Für Algerien sieht die Situation anders aus. Das Land ist vom europäischen Markt abhängig. Algeriens Gasreserven belaufen sich auf fast 2,3 Billionen Kubikmeter, das Land ist größter Gasexporteur Afrikas und siebtgrößter weltweit. 83 Prozent der algerischen Gasexporte gehen nach Europa, hauptsächlich nach Spanien und Italien, mit denen langjährige Verträge laufen. Inzwischen haben der italienische Energiekonzern ENI und das algerische Staatsunternehmen Sonatrach ein Abkommen zur Steigerung von Gasexporten abgeschlossen. Italien präsentiert sich somit gegenüber Algerien als neuer Absatzmarkt und für die EU als Zwischenlieferant in der Gasversorgung Mitteleuropas. Die neue Kooperation soll keine Notlösung bleiben, sondern vielmehr langfristig Italiens und Europas Erdgasversorgung diversifizieren.

Ressourcenarme Länder wie Tunesien, Libanon, Jordanien oder Ägypten sind hingegen mit existenziellen Krisen konfrontiert. Es handelt sich um teilweise hausgemachte strukturelle wirtschaftliche Herausforderungen wie hohe Arbeitslosigkeit, unzureichende Diversifizierung der Wirtschaft, hohe Staatsverschuldung und instabile Währungen. Diese Länder haben mit die höchsten Inflationsraten weltweit, kämpfen mit sozialen Spannungen und können ihre Schuldenprobleme ohne IWF-Programme nicht bewältigen. Insofern sind sie auf wirtschaftliche und entwicklungspolitische Zusammenarbeit mit den westlich dominierten internationalen Geberorganisationen angewiesen.

Vor diesem Hintergrund ist „non- oder multi-alignment“ das neue Mantra in der Region. Alle Länder streben eine Diversifizierung ihrer außen-, sicherheits- und wirtschaftspolitischen Beziehungen an. Sie wollen nicht alles auf eine Karte setzen, zumal sie sich im Klaren darüber sind, dass die Weltordnung im Wandel begriffen ist und sie sich an die neuen Gegebenheiten einer multipolaren Welt mit einer Vielzahl von Akteuren anpassen müssen. So gehen die arabischen Länder den Weg einer unabhängigeren, einer viel selbstbewussteren Außenpolitik, um ihre eigenen Interessen zu verfolgen. Sie versuchen, Abhängigkeiten zu reduzieren und das Netzwerk von Partnerschaften neu auszurichten beziehungsweise zu erweitern. Ausnahmslos alle Länder haben Partnerschaftsabkommen mit China im Rahmen von dessen Belt and Road Initiative (BRI) unterzeichnet. Peking ist heute für die meisten Länder der Region der größte Handelspartner und Investor. Die Länder der Region investieren in Subsahara-Afrika und öffnen ihre Märkte für andere. Die enge wirtschafts- und entwicklungspolitische Partnerschaft zur EU bleibt allerdings ebenso wichtig.

Der Maghreb ist seit dem Krieg in der Ukraine aus dem Fokus Europas gerückt.
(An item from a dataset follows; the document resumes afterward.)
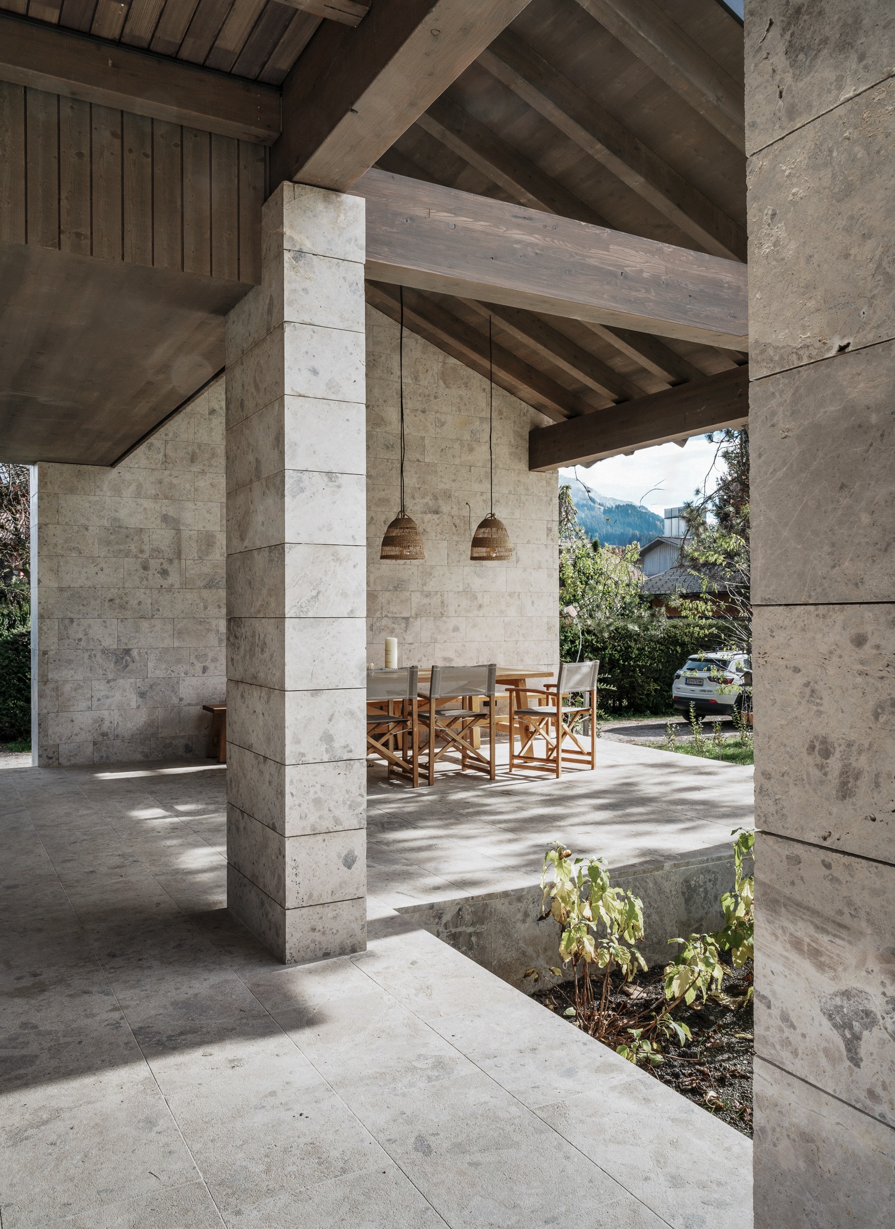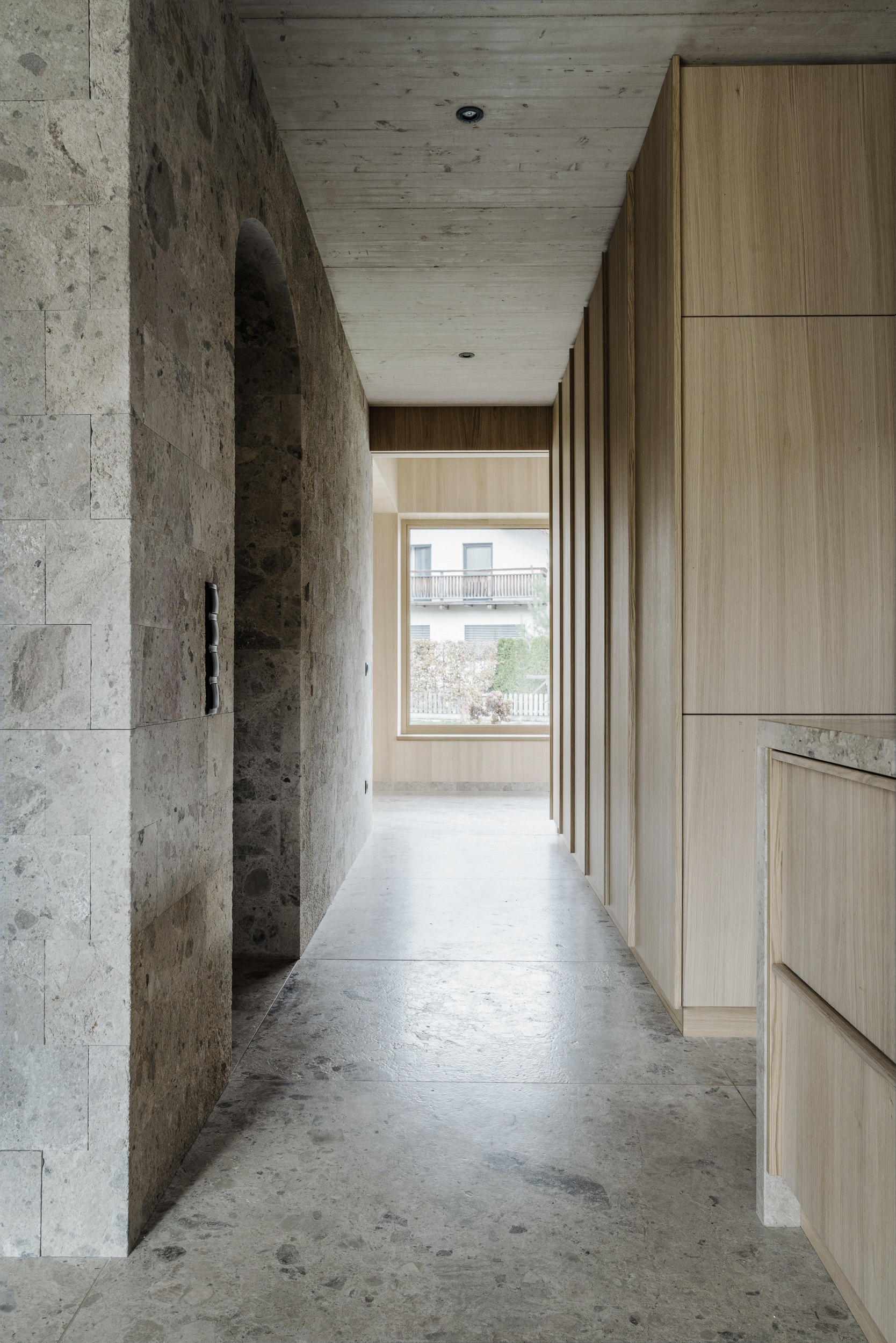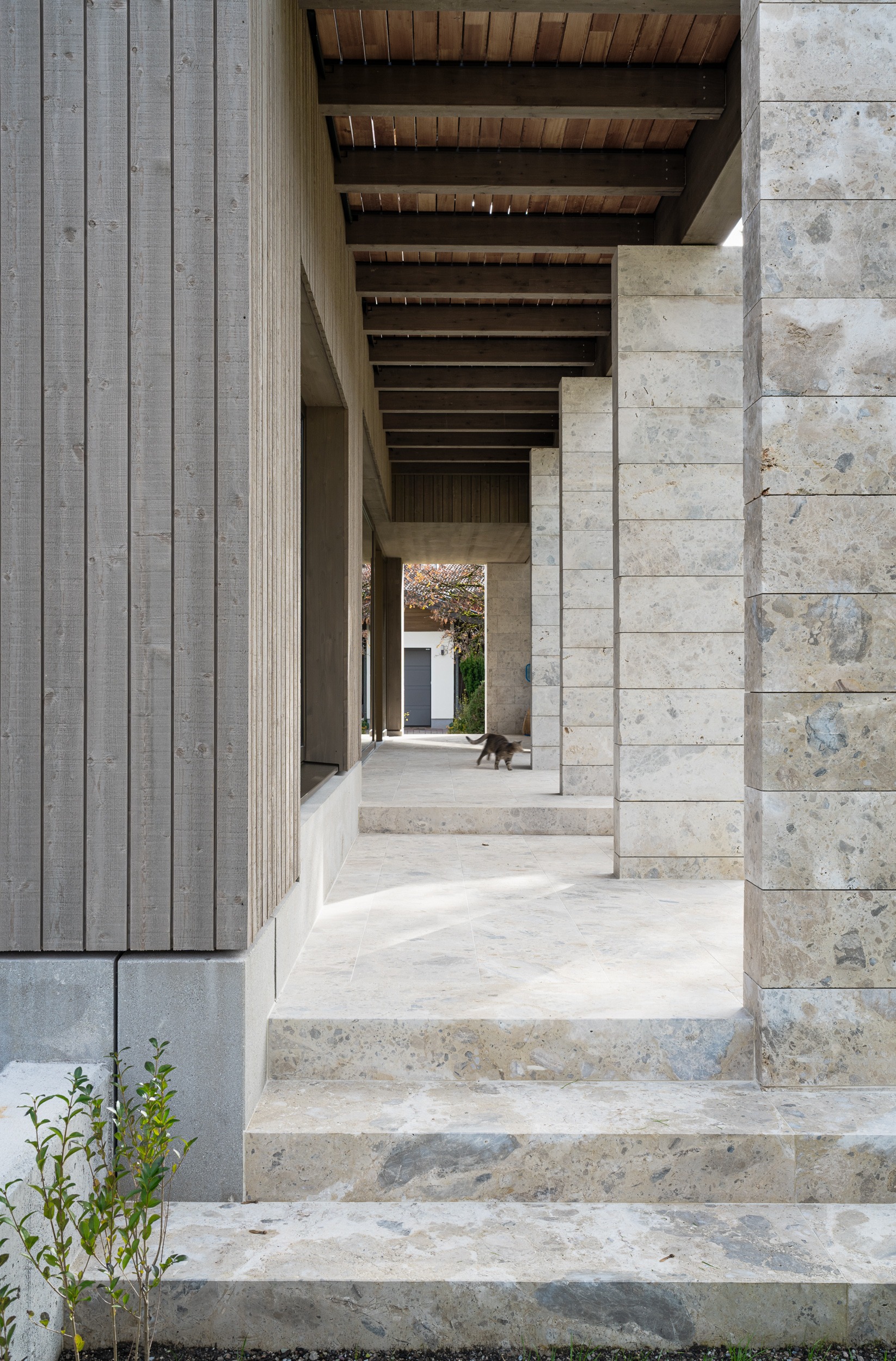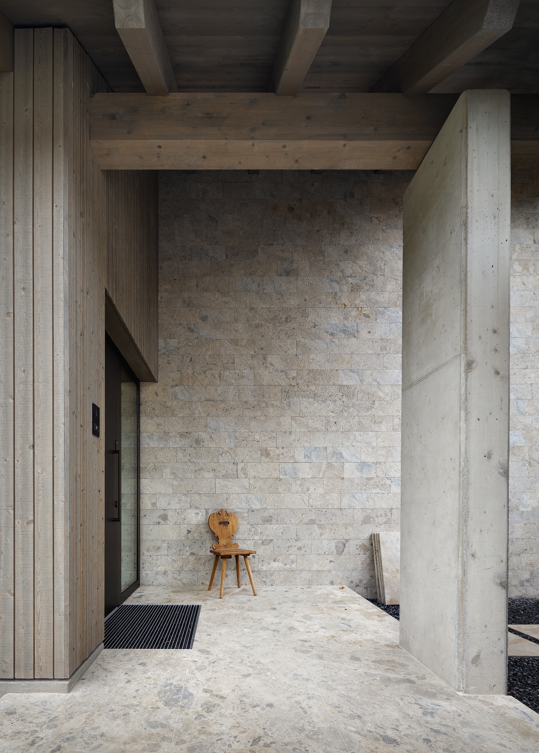 Der zweigeschossige Baukörper mit Satteldach orientiert sich an der ortsüblichen Haustypologie der angrenzenden Nachbarschaft. Die Schnittstelle in den Garten bildet eine überdachte Zone die sich zu einem Freisitz aufweitet und so den Lebensraum ins Freie erweitert;

Marokko beispielsweise hat in den vergangenen Jahren sein geopolitisches Profil in Afrika geschärft, ist Allianzen mit Ländern in anderen Teilen der Welt eingegangen, um seine außenpolitische Agenda zu verfolgen, insbesondere mit Israel und einigen Golfstaaten, und kooperiert eng mit Europa, aber im Rahmen der BRI auch mit China. Tunesien ist ein weiteres interessantes Beispiel. Das Land ist nicht nur ein traditioneller Partner Europas, sondern stark abhängig von der europäischen Unterstützung. Mit zunehmendem Euroskeptizismus verfolgt das Land aber inzwischen eine nationalistischere Außenpolitik und versucht gleichzeitig, nicht zwischen den großen Nachbarn Marokko und Algerien zerrieben zu werden.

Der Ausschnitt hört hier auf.